Picture of the spectrometer we are purchasing

The amount of carbon dioxide in the atmosphere today is higher than that at any time in the last 420,000 years.  While the roughly 30% increase in CO2 concentration observed over the past 150 years is traceable to human activities such as fossil fuel burning and clearing of forests for agriculture, significant changes in CO2 also occurred in the past, presumably related to shifts in global climate.  Carbon dioxide in the atmosphere exchanges dynamically with carbon dissolved in oceans and stored in plants and soils on land, and changes in atmospheric CO2 clearly must be explained by repartitioning of carbon among these three reservoirs.  However, scientists do not yet understand the fundamental processes controlling this carbon “cycle” well enough to either explain past changes in CO2 or to predict with confidence how CO2 will change in the future, given continued fossil fuel emissions.

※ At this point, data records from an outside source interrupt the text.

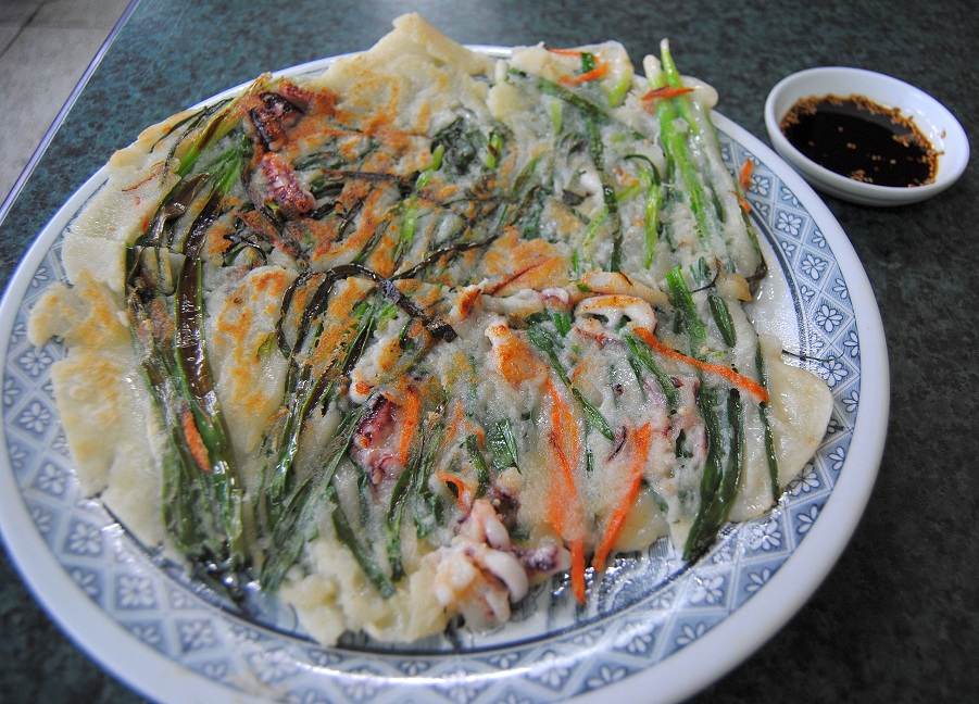 O Pajeon, uma espécie de fritada de legumes e frutos do mar, foi pra mim uma das comidinhas mais gostosas. A aparência é de um grande omelete, e é muito gostoso. Uma pitadinha de pimenta e pronto! Taí uma refeição leve e saudável para aproveitar o resto do dia. Comemos este prato algumas vezes!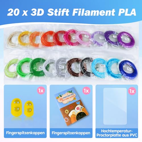 Entdecke das AFXXE 3D Stift Filament-Set mit 20 Farben, perfekt für kreative Projekte! Umweltfreundliches PLA-Material ist sicher für Kinder und Erwachsene. Inklusive Vorlagenbuch, ideal für Anfänger und Kunstliebhaber. Lass deiner Kreativität freien Lauf!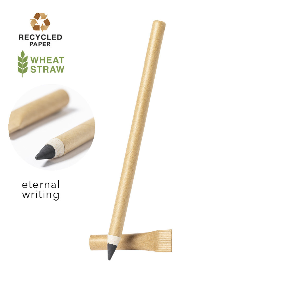Realizzata in carta riciclata e con punta in fibra di grano, per promuovere l'uso di materie prime naturali e ridurre le emissioni inquinanti.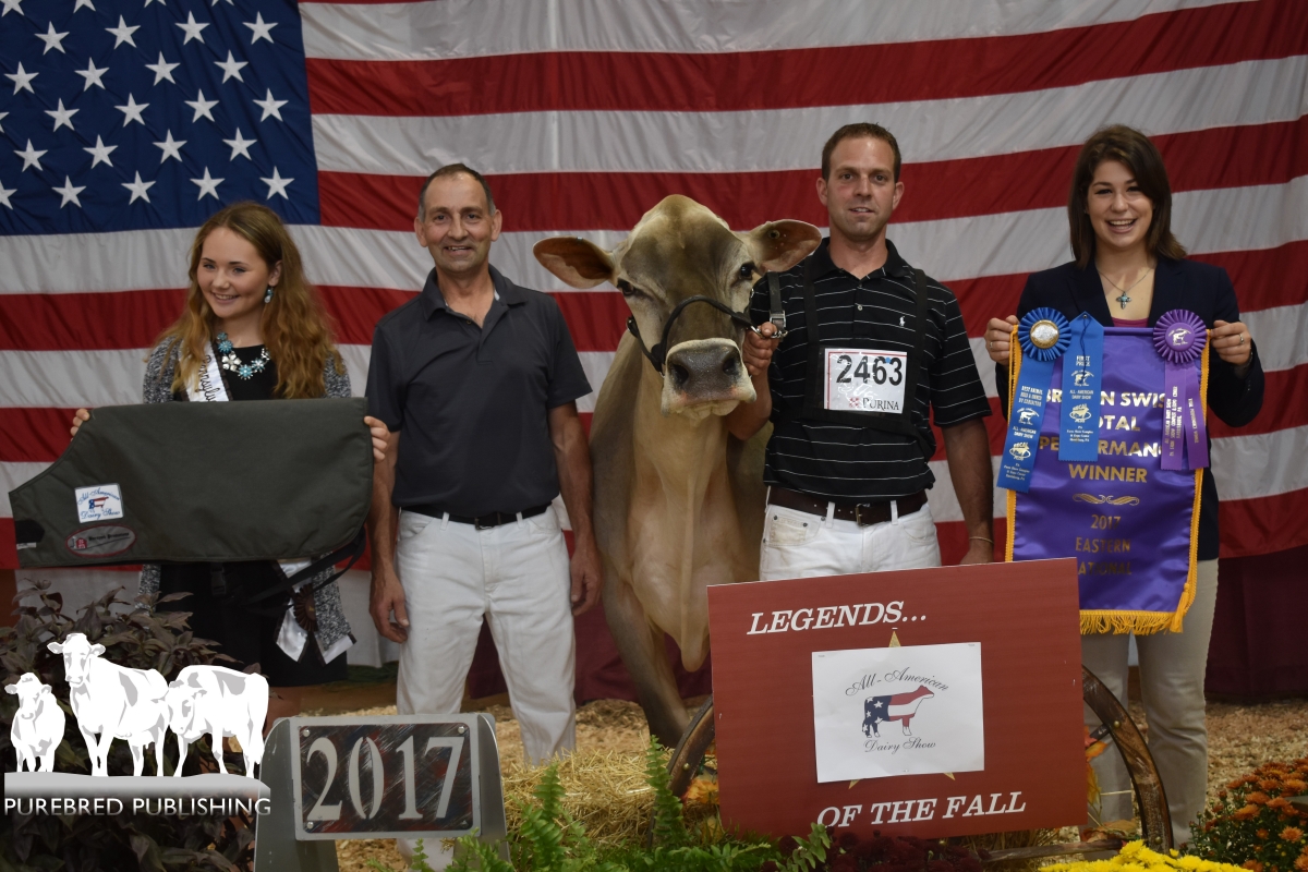 Hill’s Valley Farm was founded in 1959 by Roland and Onalee Hill. They sold the farm to their son Richard, and his wife Donna, in 1979. Roland continued to help with field work for many years. Roland’s FFA project was a Brown Swiss heifer, which ultimately led to today’s current herd of Brown Swiss. He passed away in August, 2017 at the age of 85. Richard and Donna have been involved in the farm since 1979. They raised two sons. Derek is a high school math teacher in Hamburg. He and his wife, Michelle, have two young children, Mackenzie and Gavin. Darin and his wife, Katie, have been partners in the farm since 2008. Katie hails from Perryville, Missouri and grew up on a Brown Swiss farm. Darin and Katie have three children; Blake, Garrett and Averi. Darin graduated from Cornell and Katie from the University of Missouri. The farm currently consists of nearly 300 head of mostly purebred Brown Swiss. The herd is one of the highest Brown Swiss production herds in the country with a herd average of over 25,000 milk and 1100 pounds fat. While production is an important part of the operation, Hill’s Valley farm is likely more widely acclaimed for the herd’s type. They have shown their cattle at local, state and national shows and have received many All-American recognitions. The most notable was a homebred cow, Hills Valley Perfecta Ritz, who was intermediate champion at both Harrisburg and the World Dairy Expo in 2011. Ritz has 25 daughters and granddaughters in the herd through the use of embryo transfer and invitro fertilization. The 2017 show season resulted in being Premier Breeder at Harrisburg and 3 All –American nominations. In addition Hill’s Valley bred, raised and sold the reserve Junior Champion at Madison which has been named All-American Fall Calf. The farm owns and rents 350 acres which produces all the roughage for the farm. The ration for the milk cows is corn silage, alfalfa and grass baleage, and purchased concentrate. Field work is shared by all family members, except corn chopping, which is custom harvested. The milking herd of 150 head is housed in a compost bedded pack barn which was built in 2008. The pack is bedded with dry sawdust and is stirred daily with an s-tine cultivator and cleaned twice a year. The herd is milked in an 8 stall step –up, walk through parlor retrofitted in the old tie stall barn. In 2016, Richard and Donna were recognized as the Active Master Breeder by the national Brown Swiss Association. Richard has served as a National director for the Brown Swiss Assocaition as well as Vice President. Richard has judged all 6 of the Brown Swiss National Shows including Madison in 2013. He currently serves on the FSA county committee and the board of directors of Upstate- Niagara Coop. Darin and Katie have been very active in the Cattaraugus County Farm Bureau. Darin currently serves as President and Katie is on the Pro-Ed Committee and is District 1 representative on the State Young Farmer and Ranchers Committee. They were the winners of the 2017 Young Farmers Achievement Award for New York State Farm Bureau.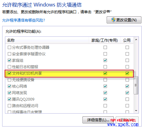 打开“控制面板/系统和安全/ Windows 防火墙”检查一下防火墙设置,确保“文件和打印机共享”是允许的状态。

Radiocarbon (14C), a rare isotope of carbon, is used to determine rates of exchange of carbon between the ocean, land and atmosphere.   For exchanges on time scales of less than a human life span, 14C produced by atmospheric weapons testing as it dissolves in surface oceans and is taken up and respired by land plants. On longer timescales, the radioactive decay of 14C provides information on slower exchanges with the much larger stores of carbon in the deep ocean and stabilized in soils and sediments.  Radiocarbon is the best and often the only way to quantify rates of exchange of carbon among reservoirs, and hence is key to achieving predictive understanding of the carbon cycle.